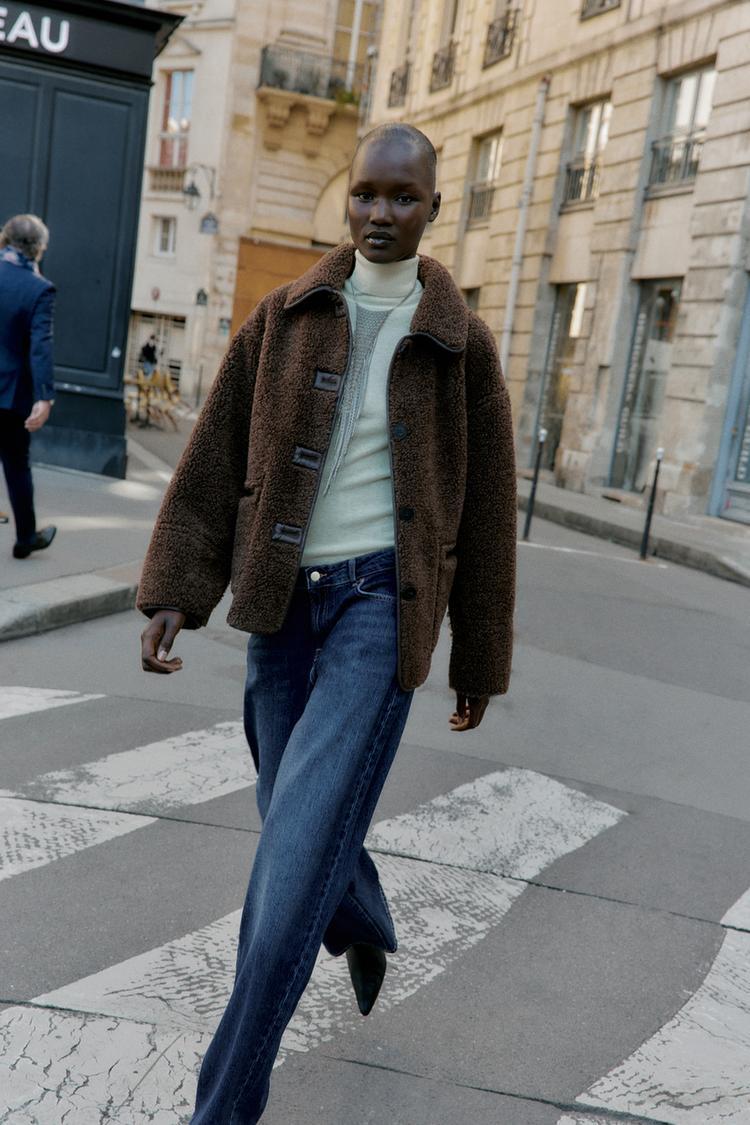 Пальто с отложным воротником и длинными рукавами. Передние карманы. Детали из комбинированной ткани с эффектом замши и искусственной овчины. Застежка на пуговицы спереди.
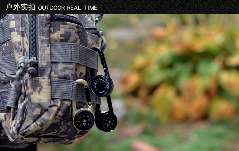 迪紫兔户外指南针高精度便携随身指北针多功能锌合金登山快挂扣越野运动 户外指南针 黑红
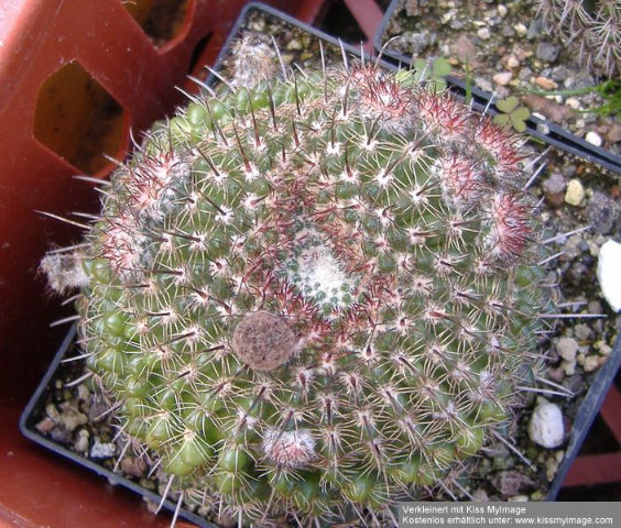 das schöne Wetter am heutigen Nachmittag habe ich genutzt, um einige weitere Pflanzen in neues Substrat umzutopfen und habe bei einer meiner vier bestimmt 20 Jahre alten Pflanzen von N. tabularis WRA 314 festgestellt, dass etwa auf halber Höhe an 3 Stellen Sprosse durch die Areolen herauszubrechen scheinen!
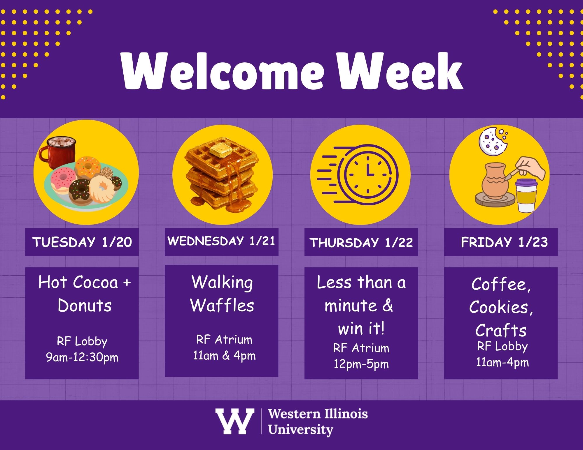 MOLINE, IL – Western Illinois University-Quad Cities will host Welcome Week 2026, Tuesday, Jan. 20–Friday, Jan. 23. All events are open to WIU students, staff and faculty members.
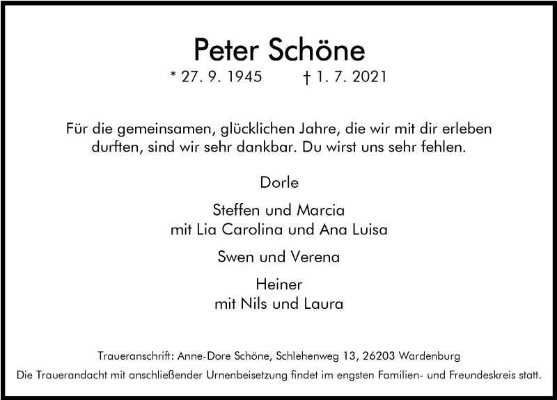 Hier finden Sie alle Traueranzeigen aus der Zeitung, die bisher für Peter Schöne erschienen sind. Weitere Traueranzeigen, die in der Zeitung erscheinen, werden hier ebenfalls aufgelistet
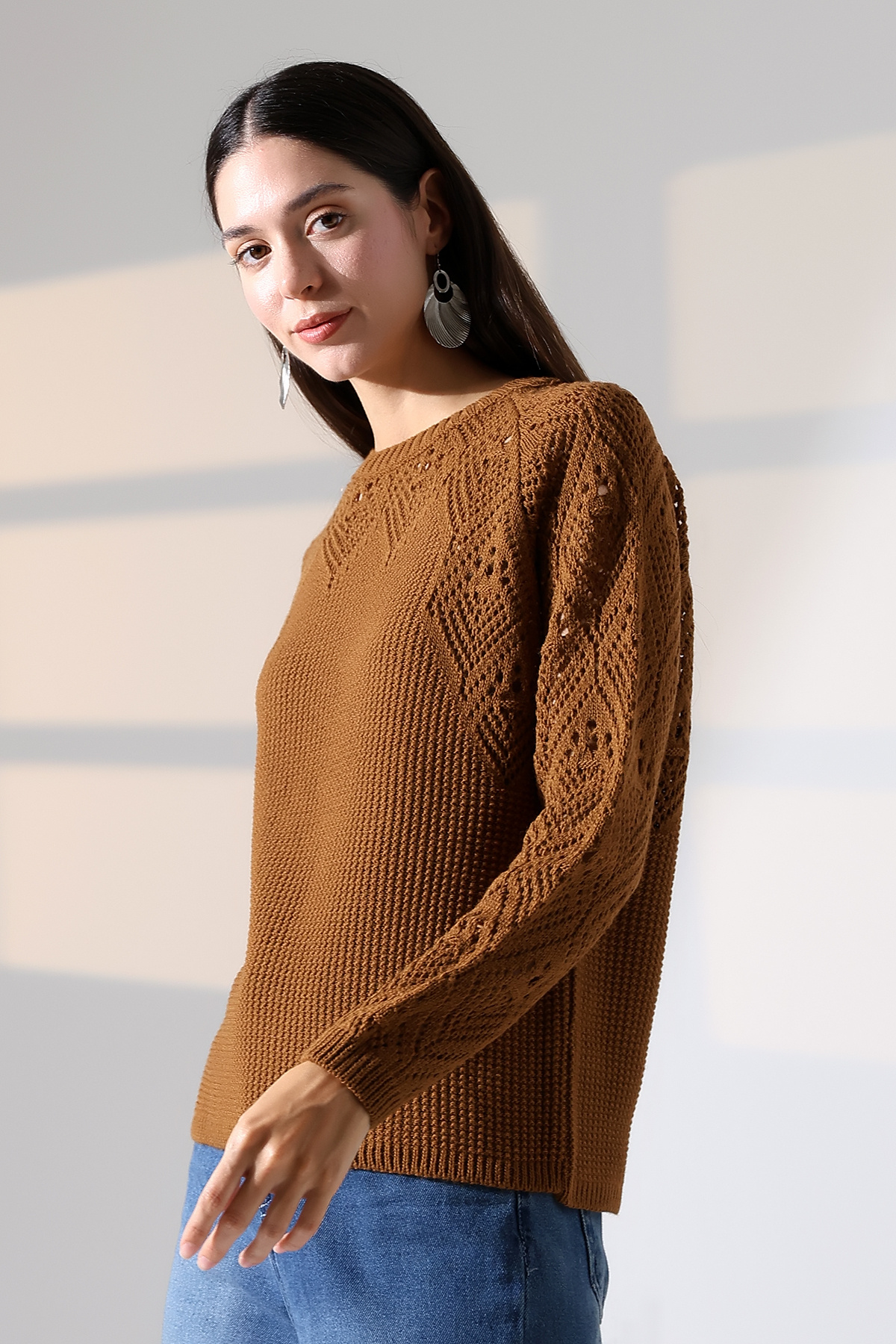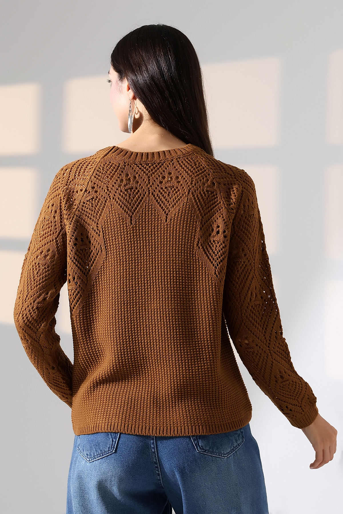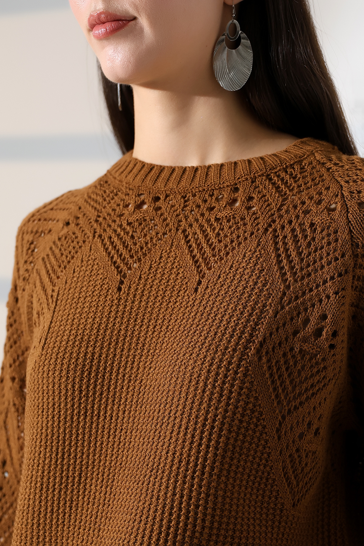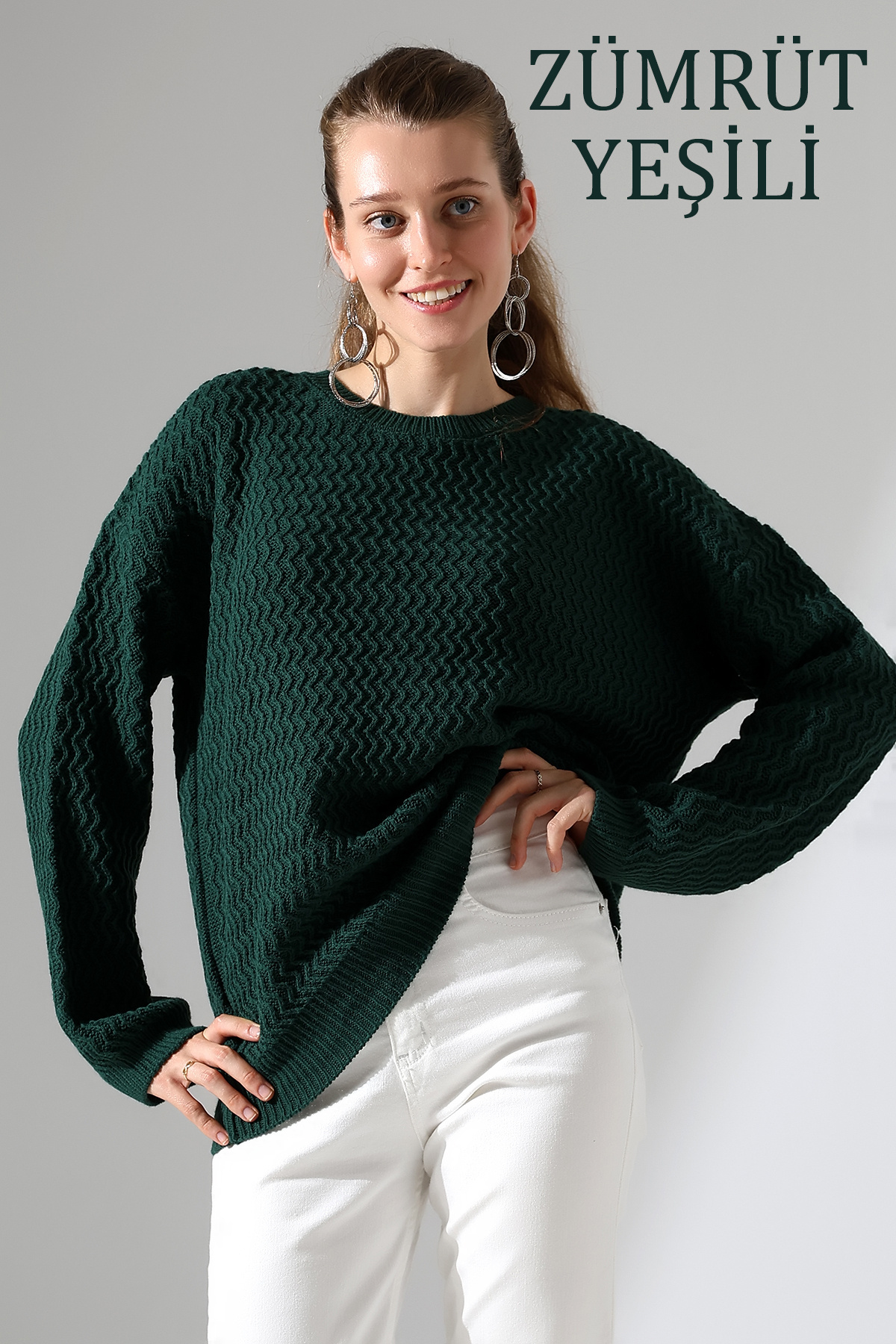 Yuvarlak Bisiklet Yaka Uzun Kollu Ajurlu Delikli Pirinç Örgü Sade Zarif Basic Triko Kazak Yuvarlak Bisiklet Yaka Uzun Kollu Ajurlu Delikli Pirinç Örgü Sade Zarif Basic Triko Kazak ALCH-00153 Standart
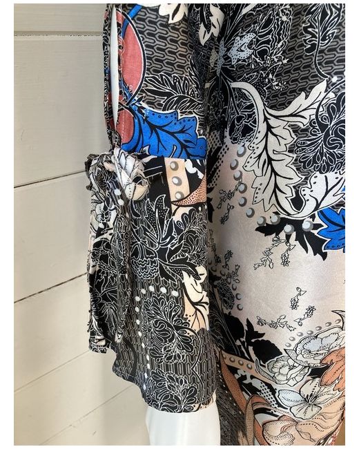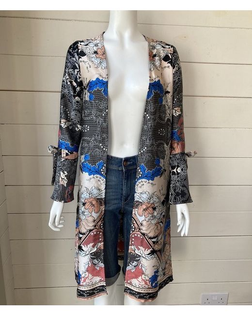 A lovely long satin duster jacket in a bold multicoloured floral print by River Island. It’s an unlined polyester with fluted sleeves that are split halfway up and have a tie detail, it’s open fronted, no fastenings and there are long split sides.
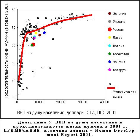 В Приложении 6 [12, с. 26 - 28] представлено распределение стран мира по двум следующим показателям в 2001 г.: ВВП на душу населения и продолжительность жизни мужчин (группы, наиболее пострадавший от кризиса сверхсмертности в России). На диаграмме представлена общемировая картина на 2001 г. (каждый квадратик представляет собой ту или иную страну); усредненная линия представляет собой «магистральную дорогу», по которой в ходе модернизации более или менее сходным образом проходят все регионы мира. Мы видим три основных зоны, представляющих собой три этапа развития. Большую часть своей истории человечество провело в первой зоне крайне низкой продолжительности жизни (и мужчин, и женщин) и крайне низкого производства ВВП на душу населения. Именно такими были условия жизни, скажем, в России 200 лет тому назад. В настоящее время в этой зоне преобладают наименее развитые африканские страны. На этом этапе (в диапазоне 400-3000 долларов на душу населения) даже небольшой прирост ВВП на душу населения ведет к значительному росту продолжительности жизни. Это достигается за счет ликвидации голода, внедрения дешевых (но эффективных в сопоставлении с традиционными средствами) современных медицинских препаратов, позволяющих радикально снизить младенческую смертность и ликвидировать многие эпидемические заболевания, за счет радикального улучшения санитарно-гигиенических условий и т.д. (Данные процессы обычно обозначаются как «первый эпидемиологический переход»). В результате рост душевого ВВП с 400 до 3000 долларов обычно сопровождается действительно кардинальным ростом средней продолжительности жизни, как мужчин, так и женщин (с менее 30 до почти 70 лет). Однако в диапазоне 3000-10000 долларов корреляция между ростом среднедушевого ВВП и продолжительностью жизни падает почти до нуля. Действительно, средняя продолжительность жизни мужчин в странах, производящих ВВП в размере 3000-4000 долларов на душу населения, составляет, в среднем, около 69 лет, а в странах с производством ВВП в пределах 8000-11000 долларов средняя продолжительность жизни мужчин лишь на год больше - около 70 лет. В Приложении 6 мы видим, что страны Закавказья и Средней Азии, а также Ингушетия и Дагестан не являются аномальными. Существуют десятки стран со значительно меньшим ВВП на душу населения, чем в России и значительно более благоприятной ситуацией со смертностью и продолжительностью жизни. В самых богатых странах мира (с производством ВВП на душу населения в размере более 25000 долларов) средняя продолжительность жизни мужчин все-таки заметно выше - 75,6 лет. Но достигается эта прибавка за счет инвестирования многих сотен миллиардов долларов в современное дорогостоящее здравоохранение (так называемый «второй эпидемиологический переход»): оснащение больниц высокотехнологичным оборудованием, строительство десятков тысяч спортивно-оздоровительных комплексов и бассейнов, радикальное улучшение качества питания и т.п. На этом этапе каждый дополнительный год человеческой жизни обходится в сотни раз дороже, чем это наблюдалось во время первого эпидемиологического перехода. Обратим внимание, что экономическое движение России, Эстонии и других европейских стран бывшего Советского Союза после 1990 г. происходило именно в диапазоне ВВП на душу населения 3000-11000 долларов, то есть как раз в том диапазо
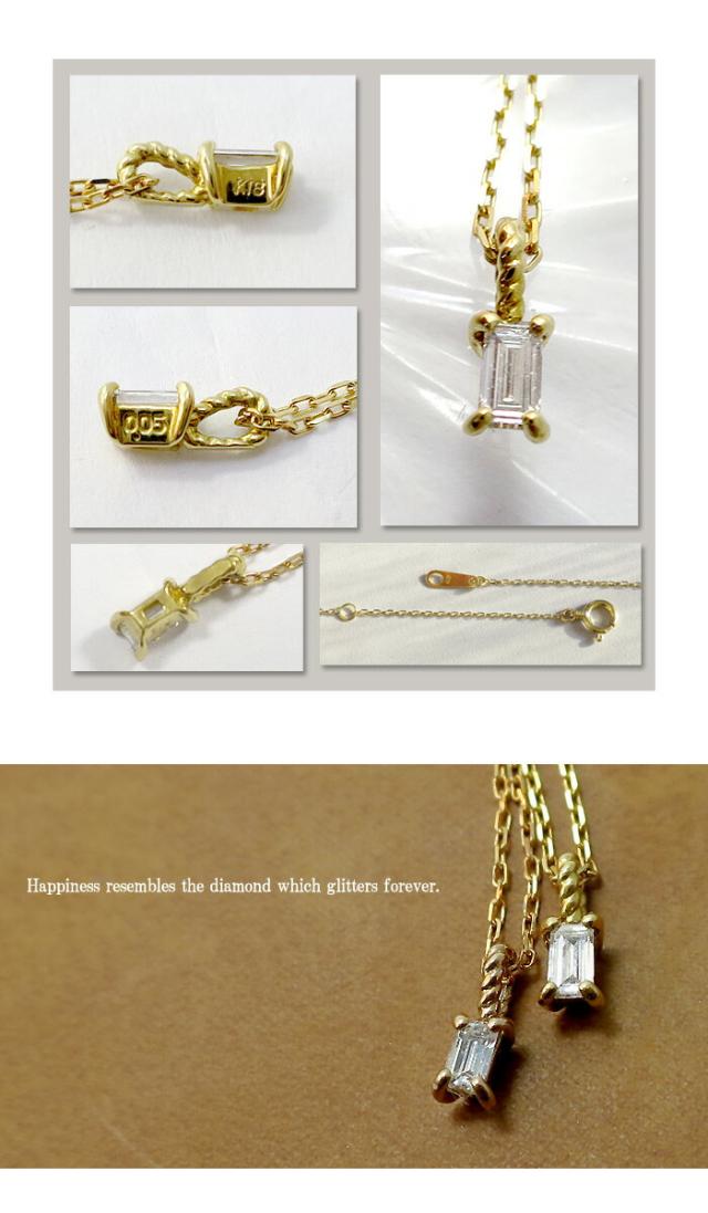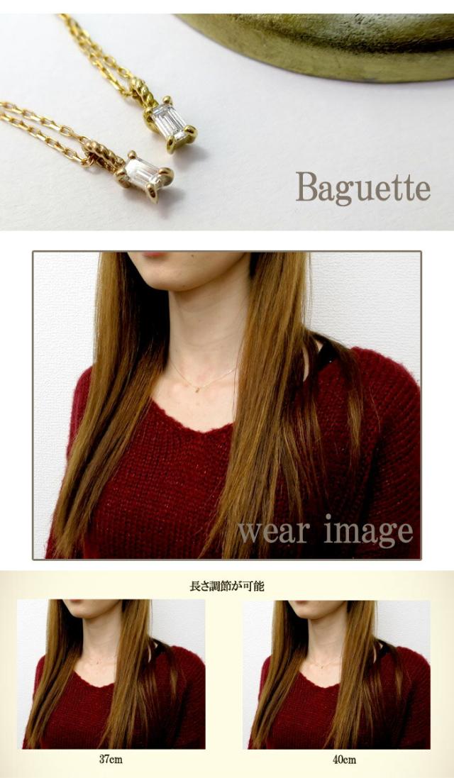 選べる2カラー 0.05ct バゲットカット ダイヤモンド K18 ネックレス/送料無料 18金ネックレス レディース
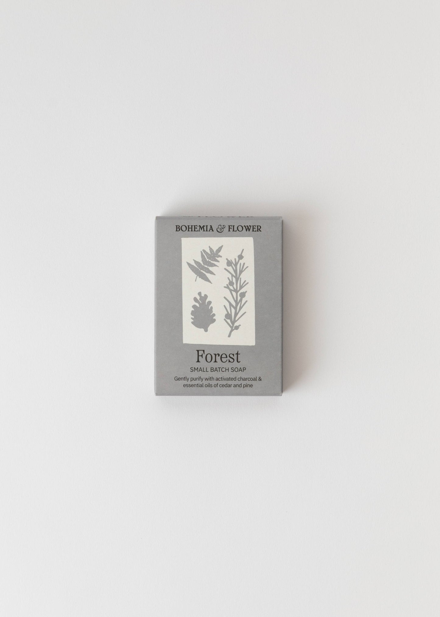 Small batch plant based bar soap with activated charcoal & essential oils of cedarwood & pine, juniper & rosemary. The Forest bar is inspired by walking in woods, breathing the bark & leaves.

□ □ □ □

• **Aim of the exercise**
Using the data above, print only the lines starting at the one with "Hier finden Sie" and ending at the one with "Kazak ALCH-00153 Standart", exactly as they stand, minus the pictures.

• **Output below**
 Hier finden Sie alle Traueranzeigen aus der Zeitung, die bisher für Peter Schöne erschienen sind. Weitere Traueranzeigen, die in der Zeitung erscheinen, werden hier ebenfalls aufgelistet
 Yuvarlak Bisiklet Yaka Uzun Kollu Ajurlu Delikli Pirinç Örgü Sade Zarif Basic Triko Kazak Yuvarlak Bisiklet Yaka Uzun Kollu Ajurlu Delikli Pirinç Örgü Sade Zarif Basic Triko Kazak ALCH-00153 Standart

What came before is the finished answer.